UE CONTRO RECLUTAMENTO MINORI
Antoci: “Approvazione risoluzione passo avanti importante”.
Strasburgo, 18 giugno 2026 – Il Parlamento europeo ha approvato una risoluzione dedicata al crescente fenomeno del reclutamento dei minori da parte della criminalità organizzata, riconoscendo per la prima volta a livello europeo la gravità di una strategia criminale che coinvolge sempre più bambini e adolescenti nelle attività delle mafie e delle organizzazioni criminali.

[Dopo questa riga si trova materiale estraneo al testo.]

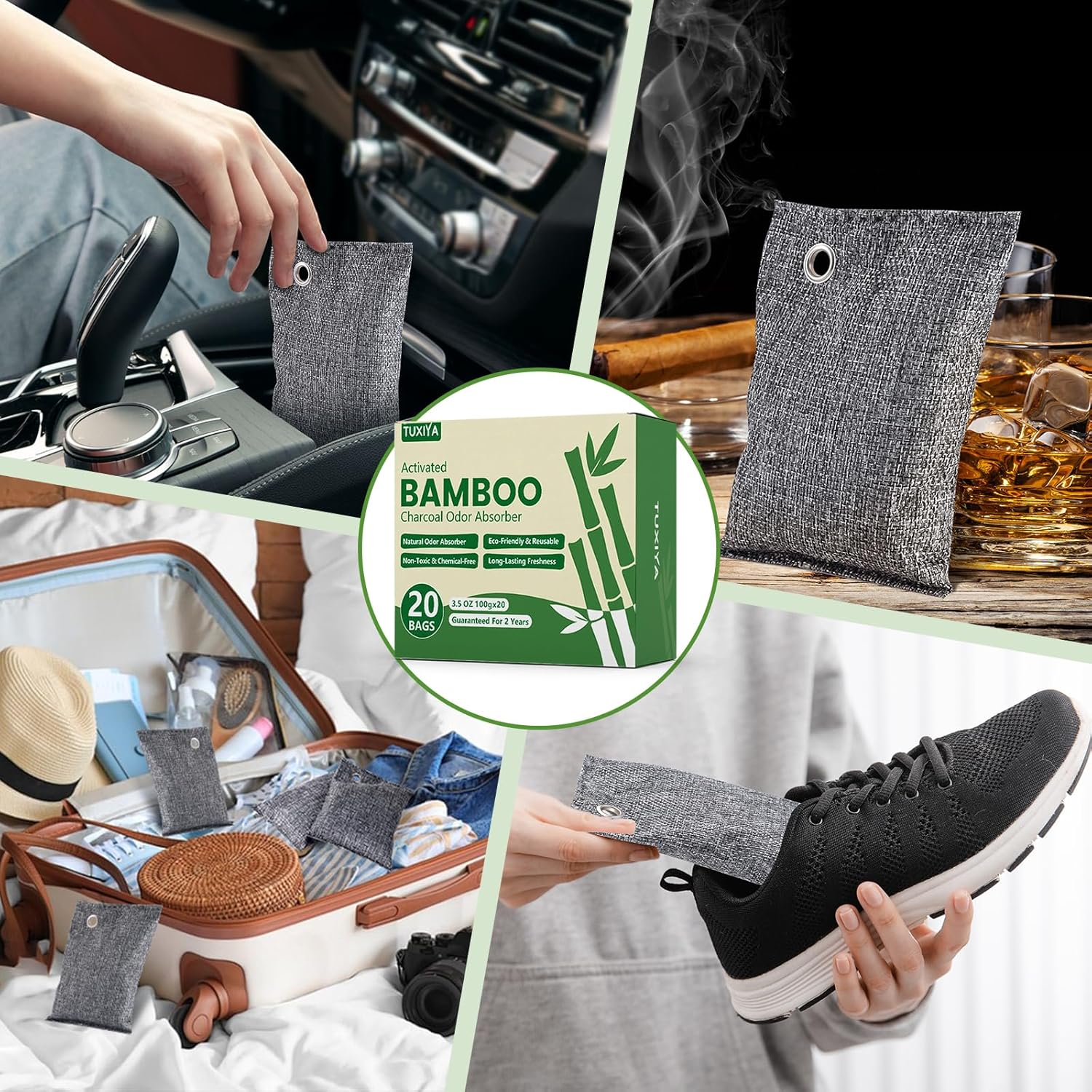 - 【Activated Charcoal】:This set includes 20 charcoal deodorizer bags (100g each) with hooks, designed to naturally absorb odors and moisture for a fresher environment.

L’europarlamentare del Movimento 5 Stelle Giuseppe Antoci, tra i relatori della risoluzione, ha chiesto un’azione europea coordinata per prevenire lo sfruttamento dei minori, colpire duramente i reclutatori e offrire ai giovani percorsi concreti di riscatto e inclusione.
“Le mafie non si limitano più a controllare territori e affari illeciti. Oggi puntano direttamente ai nostri ragazzi, ai più fragili, ai più esposti, trasformandoli in strumenti usa e getta per il traffico di droga, la violenza e la criminalità. È un attacco al futuro delle nostre comunità e dell’Europa intera”, dichiara Antoci.

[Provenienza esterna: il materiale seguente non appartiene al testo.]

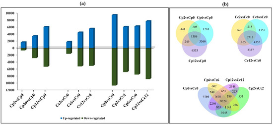 The expression profile of cold-treated and non-treated pepper plants of C. pubescens and C. chinense were analyzed using RNA-seq. A total of 6 GB of clean data was obtained for each sample. After screening the raw data, 44–65 M clean reads were obtained with an error rate of 0.03. The percentage of Q20 was more than 95%, the percentage of Q30 was more than 88%, and the content of GC was more than 41% (Table S1). Comparing the obtained clean reads with the reference genome, at least 82% of the clean reads in C. chinense were mapped to the reference genome, of which more than 78% were uniquely located; at least 68% of the clean reads in C. pubescens were mapped to the reference genome, of which more than 65% were uniquely located. A total of 20145 DEGs were identified in different comparisons among and between both species. Interestingly, the number of DEGs increased in both species as the stress period prolonged (Figure 2a). Furthermore, 1386, 2711, and 8324 commonly enriched DEGs were identified in different comparisons (Figure 2b). A complete list of DEGs is presented in Supplementary File S1.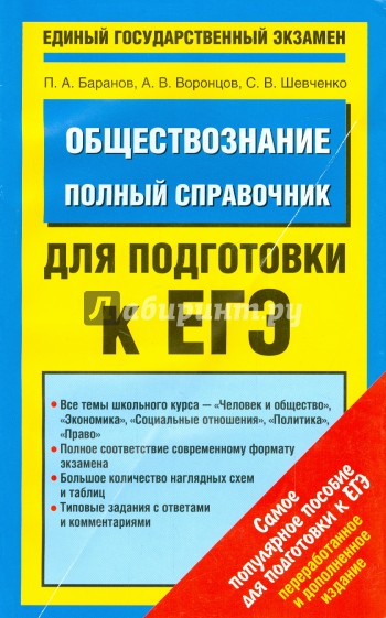 В справочнике, адресованном выпускникам средней школы и абитуриентам, в полном объеме дан материал курса "Обществознание", который проверяется на едином государственном экзамене. Структура книги соответствует современному кодификатору элементов содержания по предмету, на основе которого составлены экзаменационные задания - контрольные измерительные материалы ЕГЭ (КИМы).

“Un ragazzo reclutato dalla criminalità organizzata non è il problema: è il sintomo di un fallimento sociale che le mafie sfruttano senza scrupoli. Per questo dobbiamo colpire chi recluta, chi finanzia e chi dirige queste reti criminali, senza criminalizzare le vittime”, conclude Antoci.

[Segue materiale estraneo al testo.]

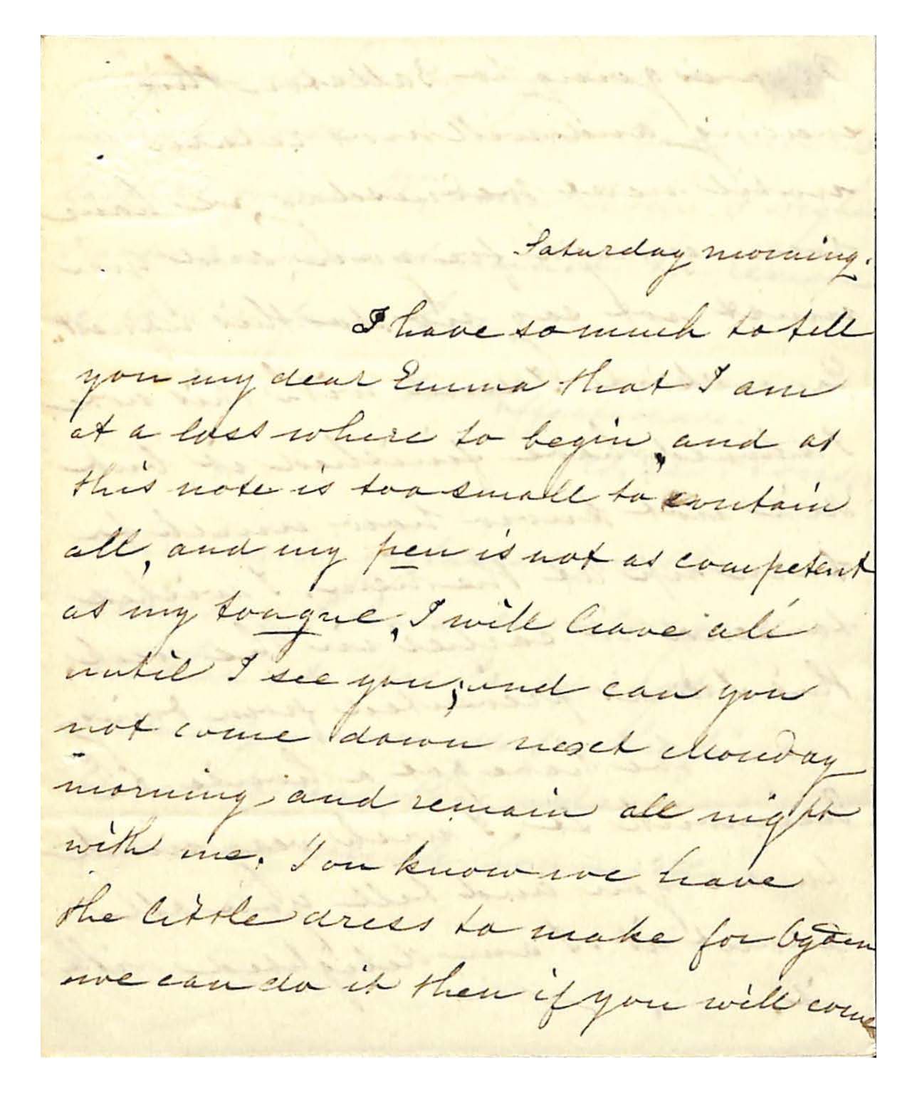 I have so much to tell / you my dear Emma that I am / at a loss where to begin, and at / this note is too small to contain / all, and my pen is not as competent / as my tongue, I will save all / until I see you, and can you / not come down next Monday / morning and remain all night / with me. You know we have / the little dress to make for Ogden / we can do it then if you will come /

La risoluzione approvata dal Parlamento europeo punta a rafforzare la cooperazione tra gli Stati membri, migliorare il monitoraggio del fenomeno, contrastare il reclutamento online attraverso social network e piattaforme digitali e investire in scuola, sport, servizi sociali e opportunità lavorative nei territori più vulnerabili.